Most commercial liability policies provide what is known as “personal and advertising injury” coverage, which usually provides coverage for claims that an insured’s advertising defamed or disparaged another person’s or organization’s goods or services. Section 43(a) of the Lanham Act (as well as various state law analogues) provides plaintiffs with a cause of action for false advertising, which generally requires proof that the defendant made a false or misleading statement of fact in a commercial advertisement or promotion that caused injury to the plaintiff. Defendants that are sued for anything involving their advertising or promotional activities should examine their policy’s advertising injury provision, as often coverage can be found for at least the defense of such actions.

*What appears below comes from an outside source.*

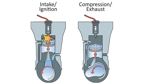 Другими словами, двухтактные двигатели работают при вращении коленчатого вала на 360°, тогда как четырехтактные двигатели работают при 720° вращения коленчатого вала.
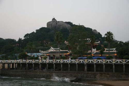 经过藏经阁可以直接上寺后的五老峰,虽然不能与庐山的五老峰相提并论,但是一路走来却也别有风趣,除了众多的古迹和大量的摩崖石刻,能够将厦大一览无遗实在是畅快淋漓,俯瞰远处的海景,海天一色,巍峨的胡里山炮台还在庄严的守卫着疆土。南普陀的素菜也是久负盛名,融合了宫廷素菜的精细、民间素菜的天然和寺院素菜的纯正,烹饪技法讲究和谐统一,既符合纯正的佛教素食观,也符合健康长寿的科学观。

A recent case out of Pennsylvania provides a good example. The well-known energy drink company 5 Hour Energy sued a competitor, Vitamin Energy, for trademark infringement and other claims, including false advertising. The false advertising claim alleged that Vitamin Energy had published a misleading comparison of its products to those of 5 Hour Energy. Vitamin Energy sought coverage from its insurer Evanston Insurance Company, and Evanston denied the claim. Ultimately, Vitamin Energy sued its insurer to obtain coverage. The district court ultimately sided with Evanston, finding no coverage. This week, the Third Circuit reversed.
In Pennsylvania (like many states, including Washington, Oregon and...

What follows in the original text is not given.